The ChameleonOS team is proud to present to you our latest addition to the growing list of features. Please give a warm welcome to the new *active display* feature. With active display your device can turn on when new notifications arrive and display that information to you on the screen. There is no need to turn your device on every time you hear that distinctive notification sound. Your notifications are right where you need them without all the clutter and free from other distractions. If your device has a proximity sensor, which most touch screen phones have, you are in luck. Active display will not turn on if it detects something close to this sensor. So if you have your phone stashed away in your pocket or bag, don't worry, it won't turn the display on and waste your battery. And as an added bonus we've included an option to turn on *pocket mode. *When this is enabled active display will turn on your screen and display your current notifications instantly, provided you have any pending notifications.

*Features*
Instantly turns the device screen on and displays notifications as they arrive
Up to 8 notifications displayed in a horizontal strip that can be viewed by touching the notification icon
Short notification description can be displayed around the outside of the center ring
Touch the center ring notification to view the full notification
Unlock the device, open the app for the current notification or dismiss the current notification
Set a re-display time to have active display remind you of your pending notifications
Adjustable brightness level for when active display turns the screen on
Pocket mode which allows active display to turn on once you remove the device from your pocket or bag
*Video Demonstration:*




* Active display will be merged into our github repos shortly and will be included in the upcoming nightly builds thereafter.
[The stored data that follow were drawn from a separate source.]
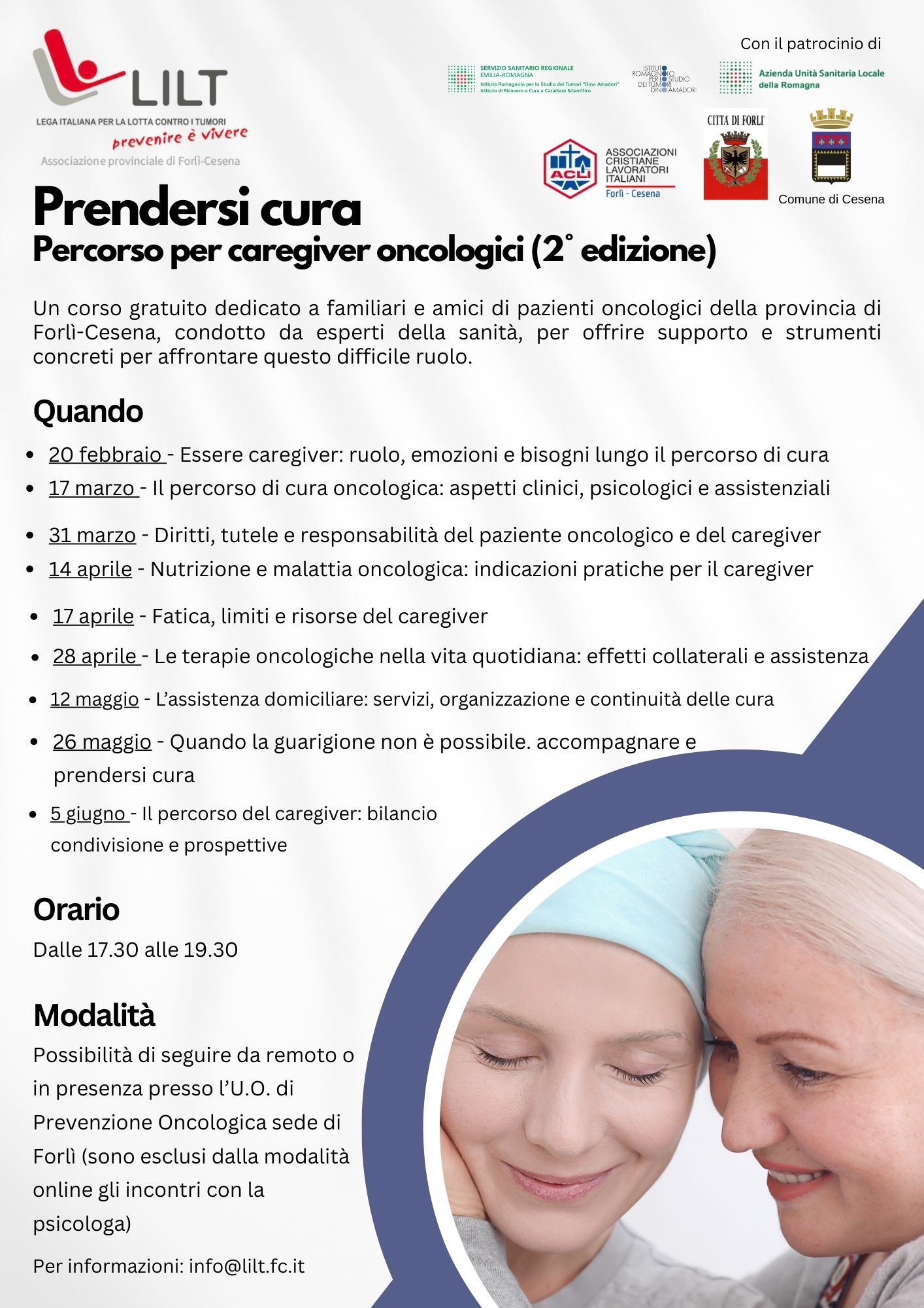 Il progetto è promosso da LILT Forlì-Cesena e realizzato con il patrocinio dell’Ausl della Romagna, Irst Irccs di Meldola, Comune di Forlì, Comune di Cesena e ACLI – Associazioni Cristiane Lavoratori Italiani Forlì-Cesena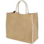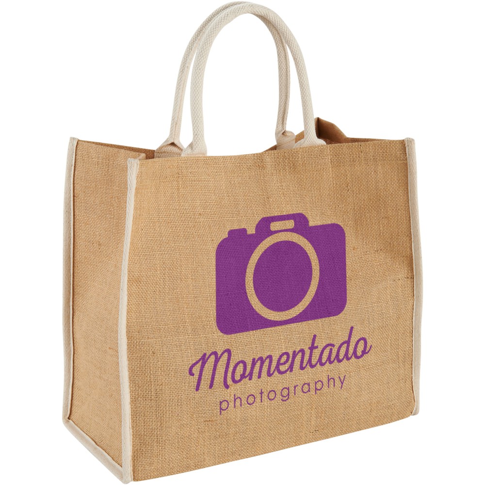 The Large juta bevásárlótáska tépőzáras kialakítással. A lehajtható fülek magassága 17 cm. Megjegyzés: finom grafikát vagy szöveget nem, csak vastag, erős nyomatott lehet az anyagon alkalmazni. Juta.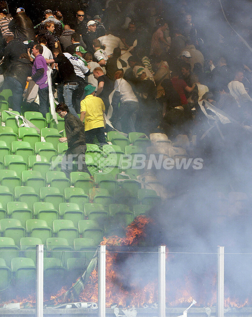 スポーツ サッカー フローニンゲン対アヤックス戦はスタジアム内火災で延期に 2008年4月14日 11:15 発信地:フローニンゲ/オランダ [ ヨーロッパ オランダ ] このニュースをシェア ‹ › ❮ 1/4 ❯ 出火現場から離れるサポーター。(c)AFP/ANP/KOEN VAN WEEL 画像作成中 ! 【4月14日 AFP】現地13日に予定されていた07-08オランダ・エールディビジ・第33節のフローニンゲン(Groningen)対アヤックス(Ajax)戦は、試合前にスタジアム内で小規模の火災が発生したため延期となった。フローニンゲン警察は、火災で1名がやけどを負い、また19名が気道熱傷を負ったことを発表している。(c)AFP サッカー 一覧へ> メディア・報道関係・法人の方向け 写真・動画 購入のお問合せ>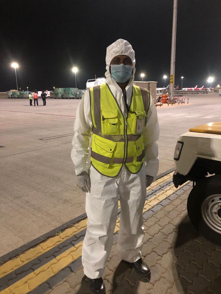 When Ajo got out of the flight in his PPE, he realised it was freezing as the temperature was two degree celsius. Then he set out with the medical team to prepare for the passengers at the entry point in the terminal building.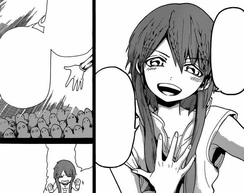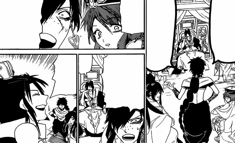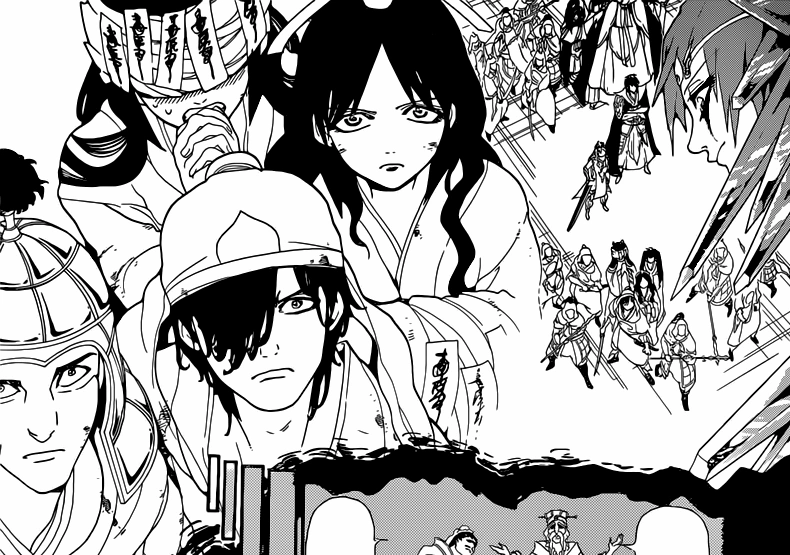 Kouha is obviously tired, and his Magician Attendants note that he is running out of Magoi, and say that they will give Kouha's Metal Vessel the 7th Type of Magic until they run out. As the male member of Kouha's army expressed his relief that the Black Djinn were annihilated, the Black Rukh leaves, which makes Kouha's Magician Attendants wonder their destination. After a while, an army of bigger Black Djinn appear.[23]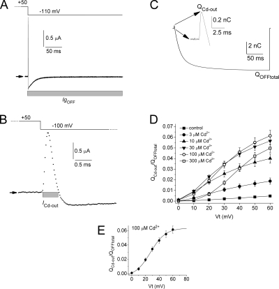 Figure 5. Effect of [Cd2+]e on the magnitude of ICd-out. (A) IgOFF in the presence of 30 µM Cd2+. Arrows indicate zero current level. Gray bar indicates region of IgOFF integrated to obtain total QOFF. (B) ICd-out shown in A, plotted on an expanded time scale. Gray bar indicates the region of IgOFF integrated to obtain QCd-out. (C) Integral of IgOFF. Inset shows QOFF at greater resolution. (D) Plot of QCd-out/QOFF total as a function of Vt and [Cd2+]e. Also shown is a plot of QCd-out versus Vt for control conditions. (E) Plot of QCd-out/QOFF total as a function of Vt for 100 µM Cd2+ and fitted to a Boltzmann function (smooth curve): V1/2 = 27 mV; slope factor = 11.0 mV; maximum value of QCd-out/QOFF total = 0.064. |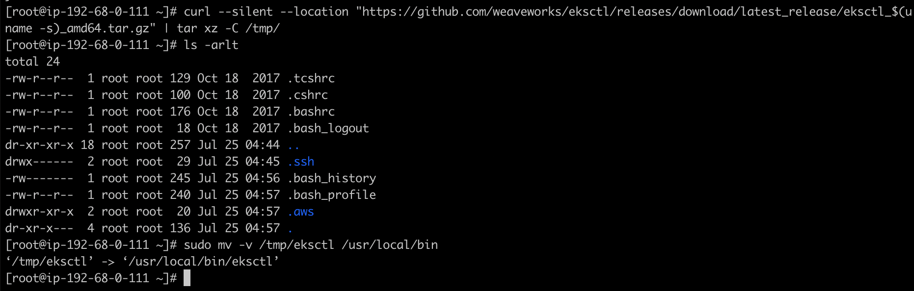 curl --silent --location "https://github.com/weaveworks/eksctl/releases/download/latest_release/eksctl_$(uname -s)_amd64.tar.gz" | tar xz -C /tmp/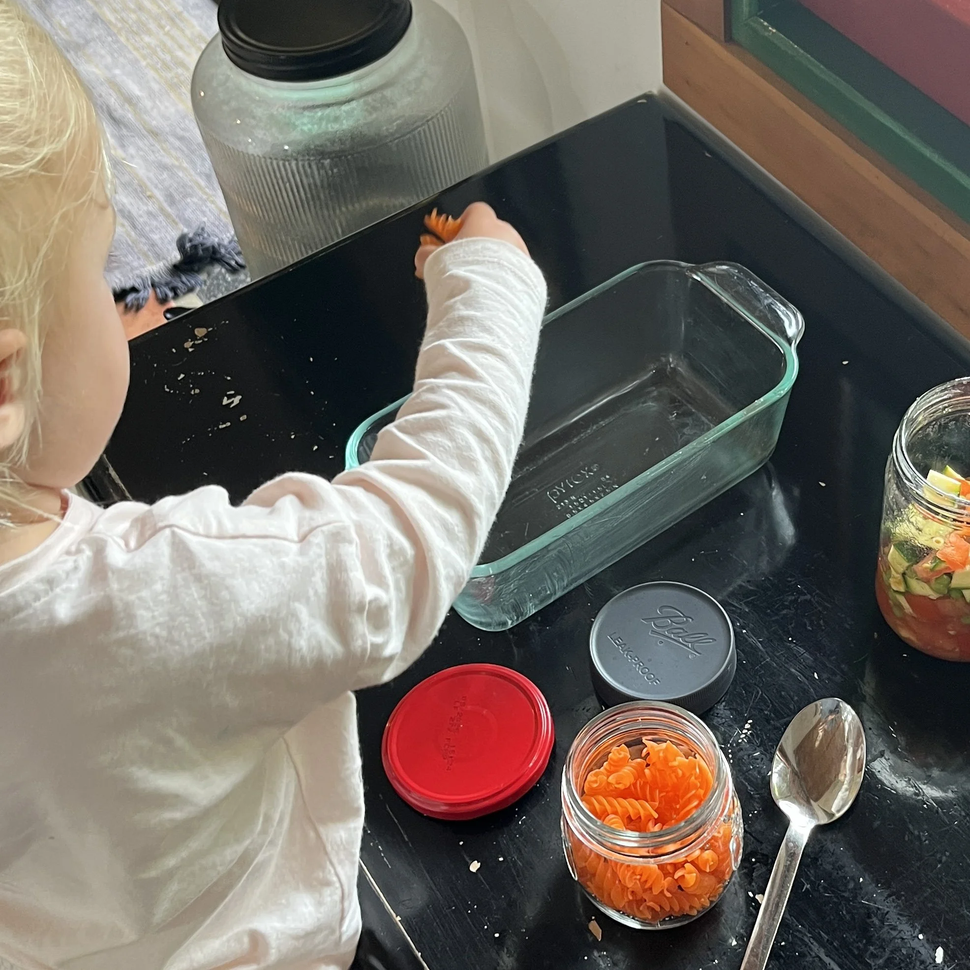 Many of our experiences have a level of pre-preparation so they become possible for involving children. We need to not be deterred or overwhelmed by thoughts of a toddler baking a cake from scratch. Think about the aspects they can be involved in and make that possible.
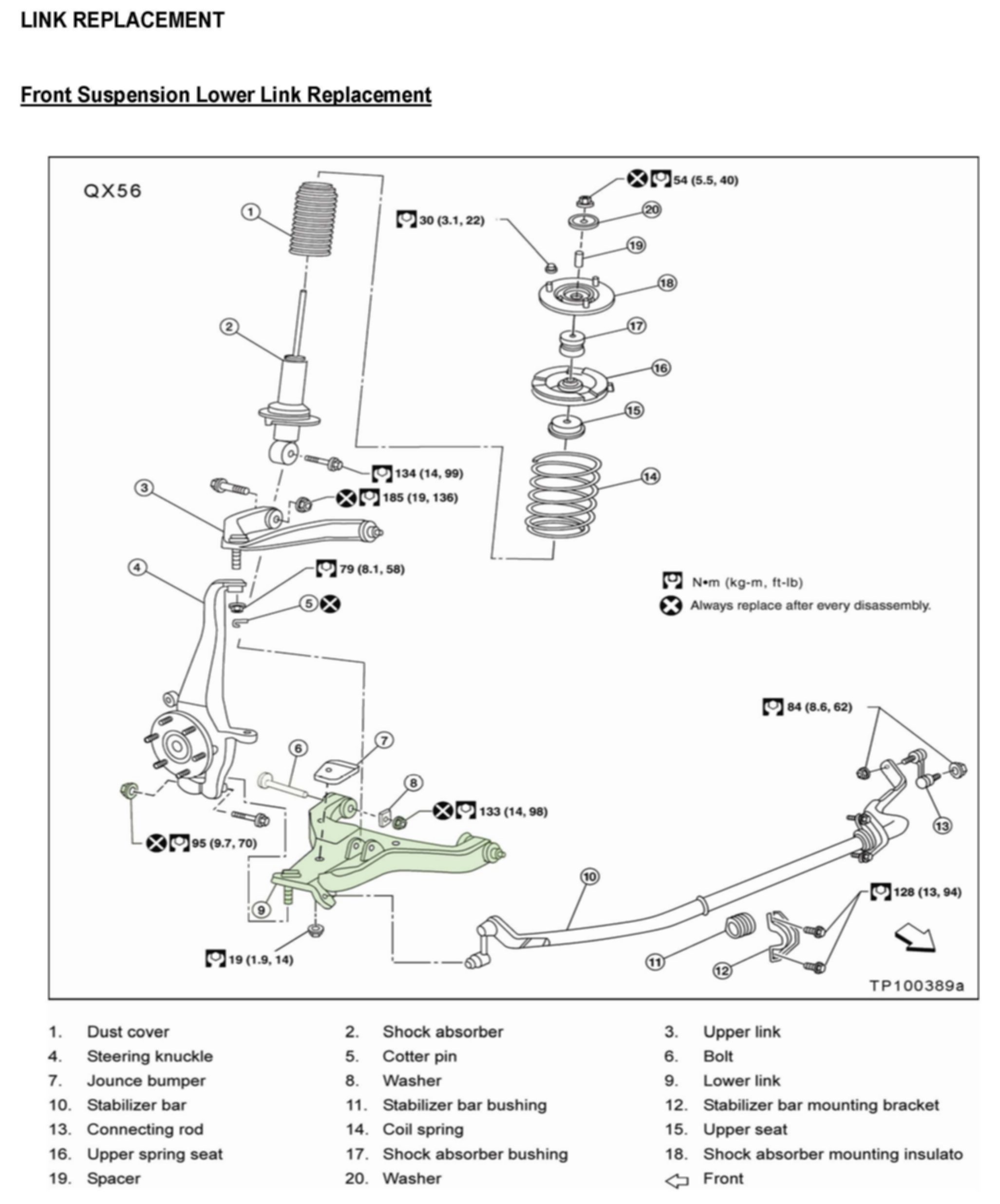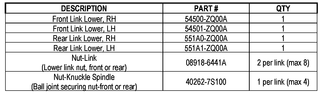 ^ Make sure to replace both lower link nuts with new ones. New nuts are listed in the Parts Information.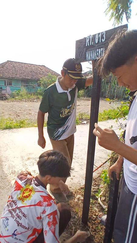 I worked on this project in one day, working earnestly and diligently, I worked with the involvement of local community members, not forgetting to give permission to the head of the local RT. We made a signpost that read "RT. 013 Ds. Wanakerta" we made 2 signs and stored them in different places, and their placement is very important for information for guests or new residents.
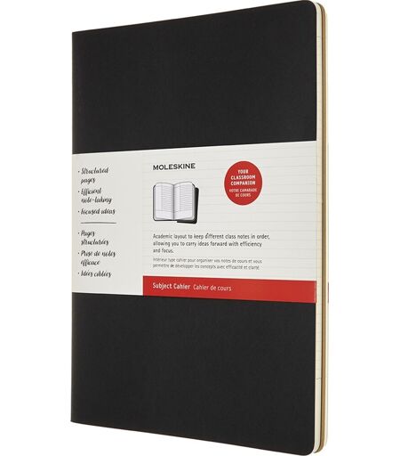 Moleskine - legendarisk og tidløst håndværk fra MilanoMoleskine er enestående og tidløst håndværk og design, i en kvalitet, som du kan stole på. Det italienske luksusmærke er særligt kendt for sine legendariske notesbøger, men Moleskine laver også penne og kalendere i sin karakteristisk elegante og tidløse stil. Der er altså en grund til, at bl.a. forfattere, kunstnere, intellektuelle og rejsende foretrækker Moleskine. Vincent van Gogh, Pablo Picasso og Ernest Hemingway udtænkte store værker med en Moleskine notesbog i hænderne – og nu kan du gøre det samme.Moleskine Cahier Subject NotebookMed sit enkle og underspillede design, er Moleskine Cahier serien en favorit hos dem, som tager mange noter. Moleskine Cahier notesbøgernes papomslag gør dem oplagte at personliggøre – skriv dit yndlingscitat, mal et portræt eller et landskab, eller giv din notesbog et navn. Cahier Subject er struktureret i et layout, der hjælper dig til at fokusere på dine ideer og få mest muligt ud af lektioner. Designet er perfekt til at tage noter på og hver side er indelt i 5 sektioner; dato, titel, noter, nøgleord og en boks til opsummering, konklusioner og næste skridt.Notesbogens slidstærke og robuste materialer indikerer, at den er designet til at blive brugt dag efter dag, indtil alle sider er udfyldt. Moleskine Cahier notesbøgerne er lette og meget fleksible. Den sanselige og rå overflade med tydelig bomuldstråd hvor siderne er syet sammen giver notesbogen et naturligt, håndlavet udtryk. Det gør det til en helt særlig oplevelse at skrive i en Moleskine Cahier notesbog. Notesbogens sidste 16 sider er perforerede, så de nemt kan tages ud. Notesbogen indeholder desuden en klap, som kan bruges til f.eks. løse papirer, bonner og visitkort.Moleskine Cahier Subejct notesbøgerne sælges i sæt a 2 stk.Moleskine farver: Black og Kraft BrownMoleskine størrelse: A4Mål: 21 x 29,7 cmInddelt i subject-layoutBlødt omslag160 siderSyrefrit papir, 70 gIndeholder 2 stickersark ...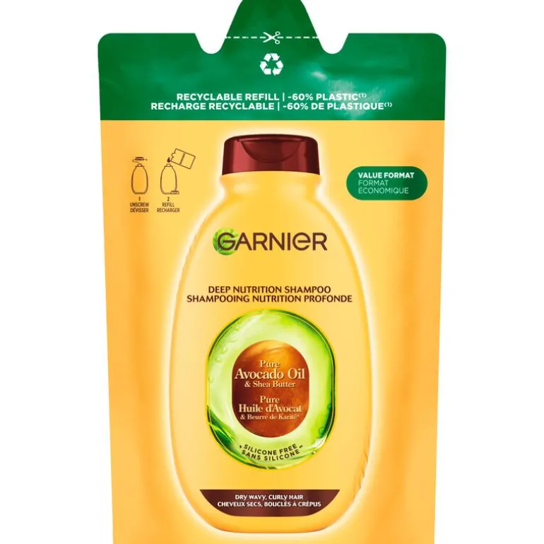 Minder plastic*, m€€r voordeel. Word ook een shampoo refiller! Garnier Loving Blends Avocado Olie & Shea Boter Shampoo Refill is jouw vertrouwde shampoo, maar nu hervulbaar. Garnier Loving Blends Avocado Olie & Shea Boter Shampoo Refill reinigt mild, voedt en verzacht krullen zonder te verzwaren. De iconische formule van Garnier Loving Blends Avocado Olie & Shea Boter shampoo is speciaal ontwikkeld voor zeer droog, golvend of krullend haar en is nu verrijkt met 10x meer geconcentreerd Avocado Olie**. Het haar is intens gevoed tot wel 6 weken***, zachter en gemakkelijker te stijlen en geschikt voor alle verschillende type krullen. *Deze Shampoo Refill is gemaakt van 60% minder plastic in vergelijking met het gebruik van onze 250ml fles shampoo. **Vs vorige formule. ***Gebaseerd op een 250ml fles en 3 gebruiken per week. Kan verschillen op basis van gebruik en lengte van het haar.

website: http://www.chameleonos.org
forums: http://forums.chameleonos.org
github: https://github.com/ChameleonOS
code review: http://review.chameleonos.org


----------



## 0xD34D  (Oct 10, 2011)

Now for the important stuff that developers may be interested in. Since ChameleonOS is an open source project this feature is available for other developers to pick and incorporate into other ROMs. If you want to incorporate this you'll need to grab a few commits from our frameworks base and Settings projects.

From android_frameworks_base you'll want to pick the following commits:
0e846d1a210f9ac937689ac6fa6052decd6090bd
504a3365f429d1f9b3af4b6f4b33196623b82326
4d79213fa35bf68762d3335bcc4d89991b701338
And from Settings you'll want to pick these commits:
0e508d62622c403ab99655a1eb7e14b3fcaa18d8
8ab78d4d79bf124bda5b78dc2bdf9e44df25c2e2
*Note: ChameleonOS started out by using CyanogenMod as a base so some dependencies may exist which would need to be resolved when incorporating this into other ROMs. Feel free to contact me if you encounter any problems and you can't figure out the resolution. Also, this is not a lock screen replacement. It is built as an overlay in SystemUI and will work with your existing lockscreen. If you just have the simple slide lock enabled it will automatically unlock the device otherwise a password is required to proceed past the active display (for obvious reasons )

There is more to come but those are the first set of commits that will get you going with adding this feature. I currently have a couple of patches on our gerrit server, one of which adds the ability to invert the display in bright light situations, such as being outdoors in direct sunlight.


----------



## b16 (Jun 6, 2011)

Is this available to download?


----------



## 0xD34D  (Oct 10, 2011)

b16 said:


> Is this available to download?


We currently have ROMs available at http://goo.im/devs/ChameleonOS/roms. People are still working on bringing up 4.3 onto their devices but we do have a few already officially supported. Anything built after 9/18/2013 will have this feature included.


----------



## TheDragon (Apr 12, 2012)

Would so love to try this rom on TORO but its beyond broken. Latest 2 builds I tried were honestly unusable. No data, AOSP keyboard crashed constantly, any settings that was applied it crashed, even no root even after manually installing things to fix them. 

Update: even Grouper does not work right... *sigh*


----------